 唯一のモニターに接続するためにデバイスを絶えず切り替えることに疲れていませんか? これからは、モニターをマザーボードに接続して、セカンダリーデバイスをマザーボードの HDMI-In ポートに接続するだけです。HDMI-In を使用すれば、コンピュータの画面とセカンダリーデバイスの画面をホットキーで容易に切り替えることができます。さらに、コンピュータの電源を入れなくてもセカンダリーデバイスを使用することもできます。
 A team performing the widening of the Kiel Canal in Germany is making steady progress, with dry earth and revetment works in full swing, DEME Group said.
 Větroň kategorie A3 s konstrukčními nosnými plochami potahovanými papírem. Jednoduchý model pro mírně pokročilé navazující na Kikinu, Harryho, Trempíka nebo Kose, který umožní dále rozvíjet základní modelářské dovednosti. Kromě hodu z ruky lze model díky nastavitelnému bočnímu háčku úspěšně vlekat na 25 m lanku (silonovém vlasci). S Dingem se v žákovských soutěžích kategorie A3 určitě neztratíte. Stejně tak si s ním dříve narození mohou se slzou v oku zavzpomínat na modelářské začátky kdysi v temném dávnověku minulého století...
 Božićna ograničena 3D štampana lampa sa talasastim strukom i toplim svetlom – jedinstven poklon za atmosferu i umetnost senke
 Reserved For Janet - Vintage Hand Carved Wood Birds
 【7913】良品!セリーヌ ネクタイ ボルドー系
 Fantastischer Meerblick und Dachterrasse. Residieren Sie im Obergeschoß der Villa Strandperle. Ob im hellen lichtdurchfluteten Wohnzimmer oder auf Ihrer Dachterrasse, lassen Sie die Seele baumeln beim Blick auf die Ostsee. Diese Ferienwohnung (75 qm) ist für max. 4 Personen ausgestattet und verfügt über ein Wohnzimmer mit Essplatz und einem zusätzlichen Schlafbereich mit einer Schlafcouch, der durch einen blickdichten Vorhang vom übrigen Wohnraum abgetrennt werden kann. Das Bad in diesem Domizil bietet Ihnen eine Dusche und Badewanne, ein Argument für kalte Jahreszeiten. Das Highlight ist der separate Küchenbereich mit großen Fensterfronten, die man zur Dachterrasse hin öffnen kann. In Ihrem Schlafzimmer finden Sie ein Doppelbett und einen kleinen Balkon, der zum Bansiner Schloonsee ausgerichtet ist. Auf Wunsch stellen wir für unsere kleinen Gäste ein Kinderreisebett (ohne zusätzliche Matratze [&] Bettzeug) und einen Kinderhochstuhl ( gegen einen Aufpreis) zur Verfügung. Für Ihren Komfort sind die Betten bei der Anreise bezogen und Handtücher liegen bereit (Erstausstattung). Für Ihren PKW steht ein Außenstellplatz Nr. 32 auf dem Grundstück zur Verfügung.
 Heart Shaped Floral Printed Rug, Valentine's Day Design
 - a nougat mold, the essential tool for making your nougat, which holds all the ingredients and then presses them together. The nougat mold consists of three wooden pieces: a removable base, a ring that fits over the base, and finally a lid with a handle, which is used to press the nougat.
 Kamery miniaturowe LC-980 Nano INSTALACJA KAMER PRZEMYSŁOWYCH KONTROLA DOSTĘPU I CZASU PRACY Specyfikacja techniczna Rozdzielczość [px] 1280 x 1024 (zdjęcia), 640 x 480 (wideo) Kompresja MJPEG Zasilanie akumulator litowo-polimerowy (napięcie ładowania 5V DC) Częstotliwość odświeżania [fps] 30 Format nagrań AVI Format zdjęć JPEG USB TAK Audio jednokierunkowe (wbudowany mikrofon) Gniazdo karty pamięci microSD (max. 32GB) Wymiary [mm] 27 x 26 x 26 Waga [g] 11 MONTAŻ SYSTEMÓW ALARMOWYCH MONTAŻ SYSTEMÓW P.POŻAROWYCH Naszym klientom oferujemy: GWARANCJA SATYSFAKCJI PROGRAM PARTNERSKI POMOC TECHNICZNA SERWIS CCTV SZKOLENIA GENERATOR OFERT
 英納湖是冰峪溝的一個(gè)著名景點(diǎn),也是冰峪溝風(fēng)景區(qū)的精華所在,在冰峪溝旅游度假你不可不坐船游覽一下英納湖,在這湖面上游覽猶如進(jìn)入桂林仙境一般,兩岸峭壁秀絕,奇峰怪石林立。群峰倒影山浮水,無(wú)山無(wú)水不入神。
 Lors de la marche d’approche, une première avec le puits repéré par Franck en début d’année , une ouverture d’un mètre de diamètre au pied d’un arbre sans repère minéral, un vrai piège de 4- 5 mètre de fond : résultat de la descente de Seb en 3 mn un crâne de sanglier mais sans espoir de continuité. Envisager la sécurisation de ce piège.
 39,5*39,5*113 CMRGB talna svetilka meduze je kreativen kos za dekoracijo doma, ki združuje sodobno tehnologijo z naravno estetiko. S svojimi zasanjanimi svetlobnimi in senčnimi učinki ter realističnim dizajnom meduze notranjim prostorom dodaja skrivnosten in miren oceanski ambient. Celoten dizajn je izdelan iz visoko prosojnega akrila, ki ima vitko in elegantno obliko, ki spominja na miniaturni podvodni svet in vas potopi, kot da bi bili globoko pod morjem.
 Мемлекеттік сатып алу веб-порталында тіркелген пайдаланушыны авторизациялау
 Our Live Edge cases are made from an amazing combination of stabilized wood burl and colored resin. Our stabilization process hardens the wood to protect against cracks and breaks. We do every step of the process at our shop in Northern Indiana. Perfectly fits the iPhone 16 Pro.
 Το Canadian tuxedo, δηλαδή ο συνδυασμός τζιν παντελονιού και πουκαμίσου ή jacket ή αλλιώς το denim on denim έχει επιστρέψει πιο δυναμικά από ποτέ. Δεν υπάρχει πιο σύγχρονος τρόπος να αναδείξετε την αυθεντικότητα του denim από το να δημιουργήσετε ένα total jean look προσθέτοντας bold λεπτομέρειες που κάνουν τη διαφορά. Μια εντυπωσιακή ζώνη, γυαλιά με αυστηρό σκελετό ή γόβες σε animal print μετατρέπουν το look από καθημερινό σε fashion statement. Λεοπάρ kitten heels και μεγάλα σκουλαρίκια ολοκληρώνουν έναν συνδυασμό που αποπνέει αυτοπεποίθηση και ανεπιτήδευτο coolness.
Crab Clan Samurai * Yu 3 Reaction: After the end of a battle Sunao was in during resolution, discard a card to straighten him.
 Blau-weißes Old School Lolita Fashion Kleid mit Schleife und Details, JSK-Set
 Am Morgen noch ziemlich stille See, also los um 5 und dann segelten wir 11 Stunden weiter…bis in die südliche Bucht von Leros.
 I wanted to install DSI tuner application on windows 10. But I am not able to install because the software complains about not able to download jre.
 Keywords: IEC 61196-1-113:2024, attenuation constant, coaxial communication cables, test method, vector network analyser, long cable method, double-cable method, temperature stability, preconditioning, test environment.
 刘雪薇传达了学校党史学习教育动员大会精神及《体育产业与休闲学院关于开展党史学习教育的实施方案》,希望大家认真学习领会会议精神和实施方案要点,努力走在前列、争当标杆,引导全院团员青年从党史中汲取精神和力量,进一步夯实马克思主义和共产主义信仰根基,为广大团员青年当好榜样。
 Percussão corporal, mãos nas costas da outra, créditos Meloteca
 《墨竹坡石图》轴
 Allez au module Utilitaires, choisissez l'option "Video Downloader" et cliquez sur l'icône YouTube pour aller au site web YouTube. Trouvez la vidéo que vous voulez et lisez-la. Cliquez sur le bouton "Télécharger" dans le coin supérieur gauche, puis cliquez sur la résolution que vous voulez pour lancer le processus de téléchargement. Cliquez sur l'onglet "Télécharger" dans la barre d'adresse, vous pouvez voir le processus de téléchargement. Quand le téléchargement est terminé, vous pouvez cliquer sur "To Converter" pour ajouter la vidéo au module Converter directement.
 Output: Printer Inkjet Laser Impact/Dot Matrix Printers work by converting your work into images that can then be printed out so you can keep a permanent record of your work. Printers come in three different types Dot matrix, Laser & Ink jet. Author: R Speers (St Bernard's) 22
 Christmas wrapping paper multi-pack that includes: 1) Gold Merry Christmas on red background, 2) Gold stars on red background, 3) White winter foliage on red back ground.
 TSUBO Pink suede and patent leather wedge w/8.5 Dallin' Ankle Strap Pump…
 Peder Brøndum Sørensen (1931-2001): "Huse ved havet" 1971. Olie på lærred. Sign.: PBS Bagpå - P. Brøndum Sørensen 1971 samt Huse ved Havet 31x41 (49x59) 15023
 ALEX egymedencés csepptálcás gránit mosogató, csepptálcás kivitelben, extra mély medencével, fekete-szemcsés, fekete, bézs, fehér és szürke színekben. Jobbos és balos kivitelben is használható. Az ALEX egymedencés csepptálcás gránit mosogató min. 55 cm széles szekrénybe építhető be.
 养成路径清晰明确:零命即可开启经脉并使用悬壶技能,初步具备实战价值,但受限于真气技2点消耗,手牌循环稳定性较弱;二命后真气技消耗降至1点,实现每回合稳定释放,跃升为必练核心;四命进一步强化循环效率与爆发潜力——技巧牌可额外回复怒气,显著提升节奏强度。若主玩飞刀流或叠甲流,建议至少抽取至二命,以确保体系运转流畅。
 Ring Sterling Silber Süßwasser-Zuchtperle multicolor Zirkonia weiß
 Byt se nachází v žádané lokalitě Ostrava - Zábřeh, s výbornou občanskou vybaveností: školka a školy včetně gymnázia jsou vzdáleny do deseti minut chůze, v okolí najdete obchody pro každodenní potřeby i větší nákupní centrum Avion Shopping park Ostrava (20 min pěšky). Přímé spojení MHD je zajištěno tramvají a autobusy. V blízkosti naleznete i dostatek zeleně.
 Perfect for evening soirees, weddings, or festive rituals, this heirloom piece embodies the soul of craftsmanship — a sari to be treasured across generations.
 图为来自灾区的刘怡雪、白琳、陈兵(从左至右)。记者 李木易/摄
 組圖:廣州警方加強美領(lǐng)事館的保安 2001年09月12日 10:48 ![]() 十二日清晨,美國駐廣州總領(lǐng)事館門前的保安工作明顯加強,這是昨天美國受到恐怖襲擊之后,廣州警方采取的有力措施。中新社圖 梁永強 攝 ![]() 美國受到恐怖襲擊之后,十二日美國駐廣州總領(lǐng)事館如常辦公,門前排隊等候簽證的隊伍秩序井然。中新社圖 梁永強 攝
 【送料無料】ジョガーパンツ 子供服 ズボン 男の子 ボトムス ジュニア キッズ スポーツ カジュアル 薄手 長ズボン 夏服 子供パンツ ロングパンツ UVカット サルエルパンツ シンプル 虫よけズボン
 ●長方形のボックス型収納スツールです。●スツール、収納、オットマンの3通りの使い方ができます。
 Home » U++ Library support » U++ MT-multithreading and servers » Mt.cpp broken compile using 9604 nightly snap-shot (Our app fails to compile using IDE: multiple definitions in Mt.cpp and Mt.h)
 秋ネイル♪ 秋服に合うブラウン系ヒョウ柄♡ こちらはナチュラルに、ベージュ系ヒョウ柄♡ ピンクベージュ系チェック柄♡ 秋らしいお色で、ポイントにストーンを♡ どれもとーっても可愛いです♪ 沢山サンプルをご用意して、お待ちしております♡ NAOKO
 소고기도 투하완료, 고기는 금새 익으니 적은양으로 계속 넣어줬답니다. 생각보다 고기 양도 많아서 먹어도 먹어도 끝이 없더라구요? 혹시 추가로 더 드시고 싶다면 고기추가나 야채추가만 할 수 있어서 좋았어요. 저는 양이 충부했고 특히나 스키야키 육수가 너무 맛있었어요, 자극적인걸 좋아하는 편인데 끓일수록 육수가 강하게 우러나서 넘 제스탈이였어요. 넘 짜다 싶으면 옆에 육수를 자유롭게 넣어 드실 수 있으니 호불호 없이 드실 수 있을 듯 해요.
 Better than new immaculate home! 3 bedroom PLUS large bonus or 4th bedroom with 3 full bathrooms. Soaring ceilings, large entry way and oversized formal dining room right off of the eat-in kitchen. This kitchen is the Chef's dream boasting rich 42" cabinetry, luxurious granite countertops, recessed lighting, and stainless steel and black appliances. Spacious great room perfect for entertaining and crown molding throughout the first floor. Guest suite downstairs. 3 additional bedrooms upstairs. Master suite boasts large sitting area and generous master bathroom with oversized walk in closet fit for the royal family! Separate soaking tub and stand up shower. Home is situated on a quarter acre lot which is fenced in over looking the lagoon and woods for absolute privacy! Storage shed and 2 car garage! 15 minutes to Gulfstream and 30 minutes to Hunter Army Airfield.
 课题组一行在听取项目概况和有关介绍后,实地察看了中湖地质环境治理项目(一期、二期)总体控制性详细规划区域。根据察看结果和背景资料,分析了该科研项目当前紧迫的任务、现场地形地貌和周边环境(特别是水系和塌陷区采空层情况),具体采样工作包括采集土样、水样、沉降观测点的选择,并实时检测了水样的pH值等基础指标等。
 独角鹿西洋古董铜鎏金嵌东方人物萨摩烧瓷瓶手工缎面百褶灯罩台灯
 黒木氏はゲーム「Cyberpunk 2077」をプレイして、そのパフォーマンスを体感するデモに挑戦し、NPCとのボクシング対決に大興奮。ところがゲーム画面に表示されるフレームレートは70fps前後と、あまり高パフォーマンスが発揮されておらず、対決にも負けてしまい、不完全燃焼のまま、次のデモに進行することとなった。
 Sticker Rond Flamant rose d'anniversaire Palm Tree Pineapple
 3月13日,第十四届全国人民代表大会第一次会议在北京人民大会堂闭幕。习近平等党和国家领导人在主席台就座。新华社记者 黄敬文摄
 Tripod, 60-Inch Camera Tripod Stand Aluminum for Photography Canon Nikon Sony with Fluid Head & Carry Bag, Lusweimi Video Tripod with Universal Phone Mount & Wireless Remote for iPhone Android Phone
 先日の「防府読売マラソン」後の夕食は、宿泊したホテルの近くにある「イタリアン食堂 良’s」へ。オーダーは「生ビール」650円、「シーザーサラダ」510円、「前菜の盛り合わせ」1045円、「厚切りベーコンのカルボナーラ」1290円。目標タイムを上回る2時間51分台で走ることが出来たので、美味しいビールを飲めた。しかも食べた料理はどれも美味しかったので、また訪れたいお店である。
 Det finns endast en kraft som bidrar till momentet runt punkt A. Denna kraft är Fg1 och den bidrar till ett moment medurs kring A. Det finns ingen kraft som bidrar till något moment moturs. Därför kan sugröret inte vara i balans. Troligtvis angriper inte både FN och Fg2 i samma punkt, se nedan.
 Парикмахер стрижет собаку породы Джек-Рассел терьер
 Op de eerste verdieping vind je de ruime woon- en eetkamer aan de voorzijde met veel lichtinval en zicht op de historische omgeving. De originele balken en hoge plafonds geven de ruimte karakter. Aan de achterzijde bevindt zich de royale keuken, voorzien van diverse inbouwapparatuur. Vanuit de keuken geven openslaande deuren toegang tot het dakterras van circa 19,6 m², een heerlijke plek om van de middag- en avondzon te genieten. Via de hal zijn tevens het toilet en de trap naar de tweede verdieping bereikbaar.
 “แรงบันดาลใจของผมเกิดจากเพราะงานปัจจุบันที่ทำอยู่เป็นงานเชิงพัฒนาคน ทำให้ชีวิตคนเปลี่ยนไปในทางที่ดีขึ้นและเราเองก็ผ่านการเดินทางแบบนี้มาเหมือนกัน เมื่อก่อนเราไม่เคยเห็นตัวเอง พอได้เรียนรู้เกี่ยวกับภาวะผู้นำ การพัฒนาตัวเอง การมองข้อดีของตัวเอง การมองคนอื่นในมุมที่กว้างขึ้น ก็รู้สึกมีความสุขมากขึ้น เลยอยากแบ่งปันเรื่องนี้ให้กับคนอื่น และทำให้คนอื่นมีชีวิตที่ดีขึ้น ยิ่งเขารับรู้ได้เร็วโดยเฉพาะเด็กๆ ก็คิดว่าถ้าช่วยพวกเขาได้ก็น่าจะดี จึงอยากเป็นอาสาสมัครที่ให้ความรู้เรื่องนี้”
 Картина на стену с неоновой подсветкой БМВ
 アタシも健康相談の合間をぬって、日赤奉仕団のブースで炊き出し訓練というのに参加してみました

++++++++

▶ **Description of the task**:
Lines with the word "three": copy each one from the data above.

▶ **Your solution**:
 - a nougat mold, the essential tool for making your nougat, which holds all the ingredients and then presses them together. The nougat mold consists of three wooden pieces: a removable base, a ring that fits over the base, and finally a lid with a handle, which is used to press the nougat.
 Output: Printer Inkjet Laser Impact/Dot Matrix Printers work by converting your work into images that can then be printed out so you can keep a permanent record of your work. Printers come in three different types Dot matrix, Laser & Ink jet. Author: R Speers (St Bernard's) 22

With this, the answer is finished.